→ **Dataset records**:
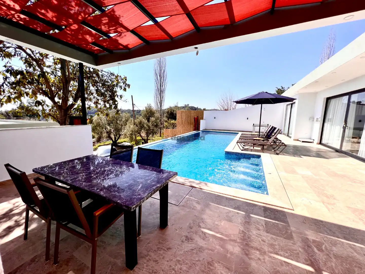 - Özel Yüzme HavuzuŞezlongŞemsiyeSehpa (Dış Mekan)Yemek Masası (Dış Mekan)Barbekü / Mangal
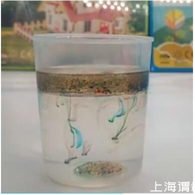 解密時刻:水不溶于油且水比油重,顏料在油中會下沉,下沉到水油交界面時,顏料溶于水中,于是就看到了彩虹雨。
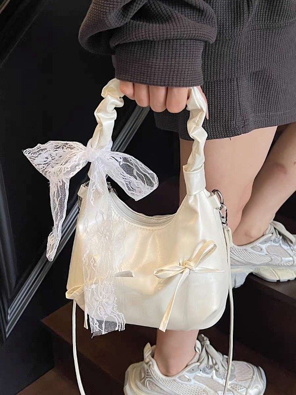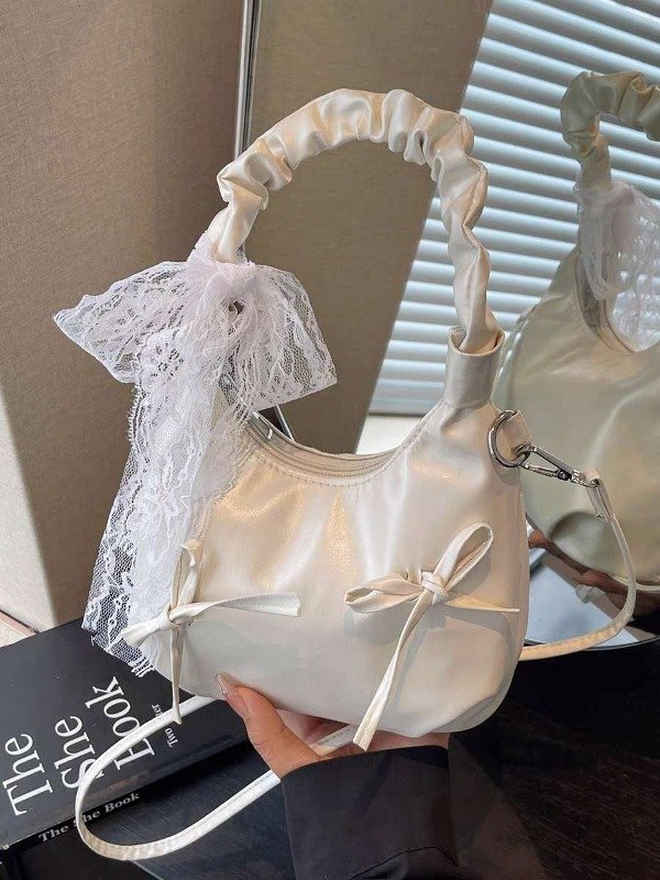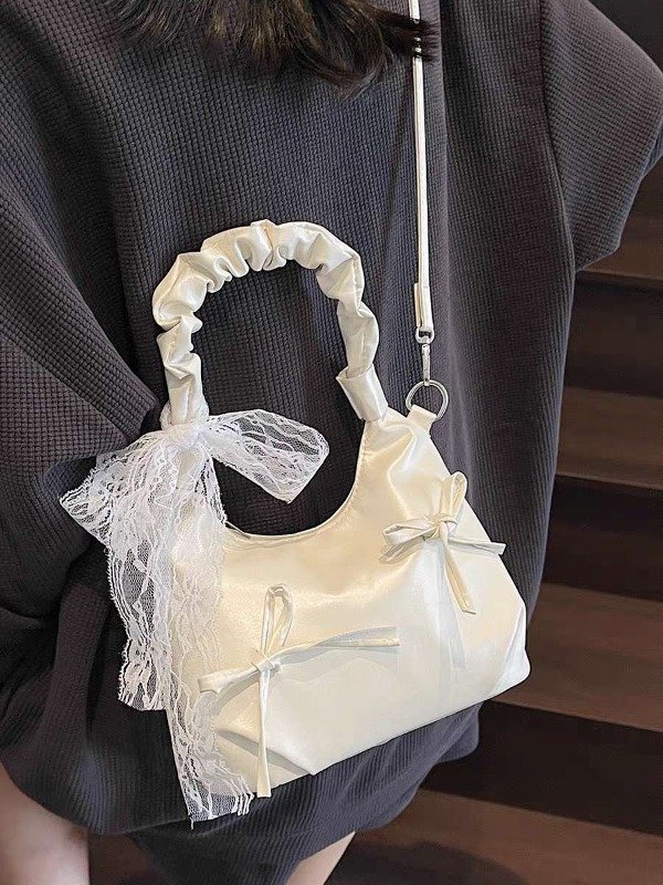 Cartera Blanca Fruncida con lazos
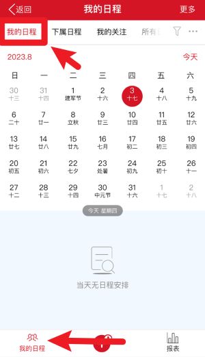 3、打开“我的日程”界面后可通过日历视图查看每日安排,并支持查看下属与关注对象的日程计划。
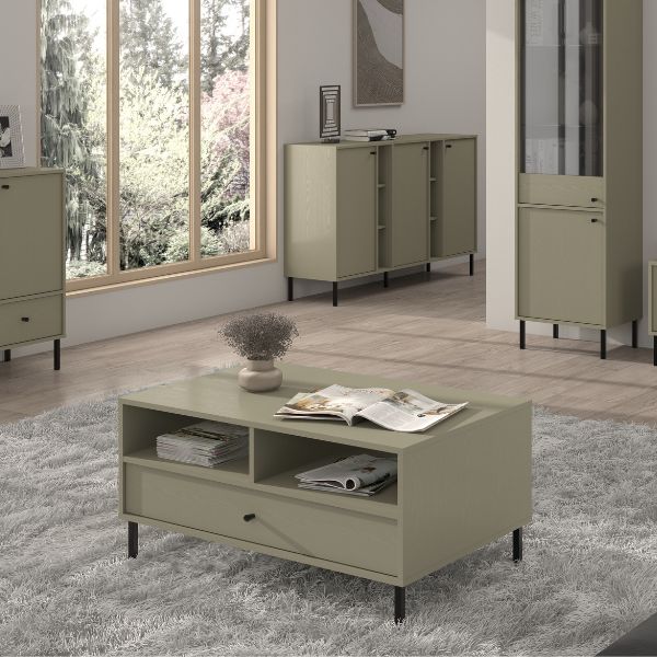 Măsuța cu sertar și 2 rafturi deschise Tokyo 2, în culoarea verde eucalipt, de la Stolarz Lempert, va aduce un suflu nou în amenajarea casei tale.
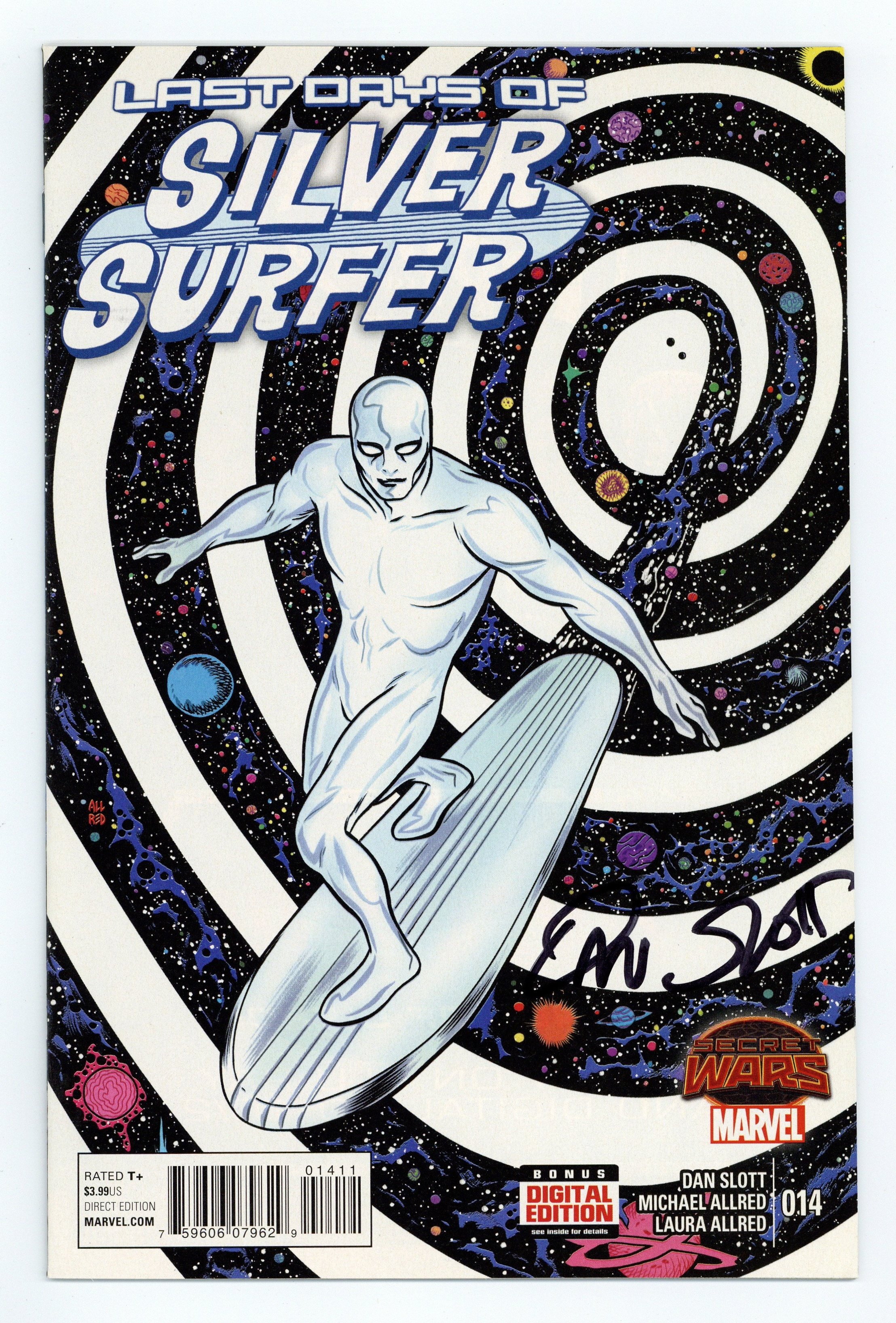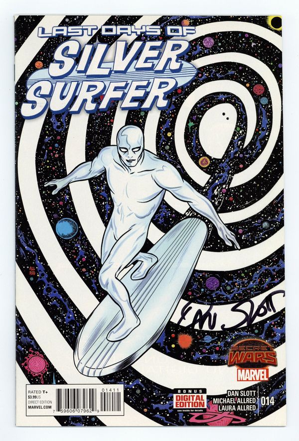 Secret Wars: Last Days - Written by Dan Slott. Art and Cover by Michael Allred. THE LAST DAYS - 'UNIVERSE 2.0' Given unheralded new power, the Silver Surfer is tasked with REMAKING THE ENTIRE UNIVERSE! From the laws of physics to the origins of new life itself, what strange new cosmos will Norrin Radd will into being? Meanwhile, Dawn Greenwood has a far less intimidating task. All she has to rebuild... is Planet Earth. Plus, if the Surfer, Dawn, and Toomie were the only survivors of the previous cosmos to make it into the void... ...why are they not alone?! 36 pages, full color. Rated T+ Cover price $3.99.
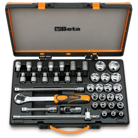 33 1/2" šešiakampių lizdų rinkinys su priedais Beta 920B/C33 Rinkinį sudaro: 1. 1/2" šešiakampių lizdų Beta 920B dydžiai: 10 - 11 - 12 - 13 - 14 - 15 - 16 - 17 - 18 - 19 - 20 - 21 - 22 - 23 - 24 - 26 - 27 - 28 - 30 - 32 mm 2. Dydžiai: 1,2x8 - 1,6x9 - 2x12 mm 3. 1/2" lizdai su Phillips® atsuktuvo antgaliais Beta 920PH Dydžiai: PH2 - PH3 - PH4 4. Dydžiai: 4 - 5 - 6 - 8 - 10 - 12 - 14 mm 5. 1/2" lizdo prailgintuvas Beta 920/21 - ilgis: 125 m 6. 1/2" lizdo prailgintuvas Beta 920/22 - ilgis: 255 mm 7. 1/2" lizdo šarnyras Beta 920/25 8. 1/2" išstumiama pavaros rankenėlė Beta 920/42 9. 1/2" dvigubo veikimo reketas Beta 920/55
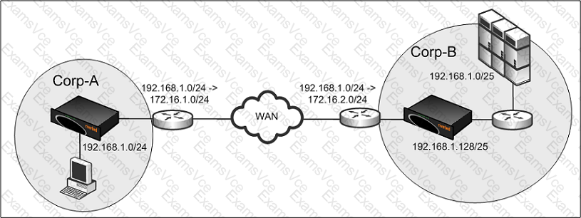 Corp-A and Corp-B have overlapping address space and therefore the network administrator implemented NAT to overcome this. Users from Corp-A NAT to 172.16.1.0/24 and users from Corp-B NAT to 172.16.2.0/24. Users in Corp-A use the destination address of 172.16.2.0/24 to access the resources in Corp-B. The servers in Corp-B use the client IP for authentication. You deploy the Steelhead appliance using the default WAN visibility mode but noticed all the connections are passed-through. What is the likely problem?

→ **Exercise instructions**:
From the line containing "Măsuța cu sertar" through the line containing "Secret Wars: Last", copy every line above exactly, without pictures.

→ **Reply to the task**:
 Măsuța cu sertar și 2 rafturi deschise Tokyo 2, în culoarea verde eucalipt, de la Stolarz Lempert, va aduce un suflu nou în amenajarea casei tale.
 Secret Wars: Last Days - Written by Dan Slott. Art and Cover by Michael Allred. THE LAST DAYS - 'UNIVERSE 2.0' Given unheralded new power, the Silver Surfer is tasked with REMAKING THE ENTIRE UNIVERSE! From the laws of physics to the origins of new life itself, what strange new cosmos will Norrin Radd will into being? Meanwhile, Dawn Greenwood has a far less intimidating task. All she has to rebuild... is Planet Earth. Plus, if the Surfer, Dawn, and Toomie were the only survivors of the previous cosmos to make it into the void... ...why are they not alone?! 36 pages, full color. Rated T+ Cover price $3.99.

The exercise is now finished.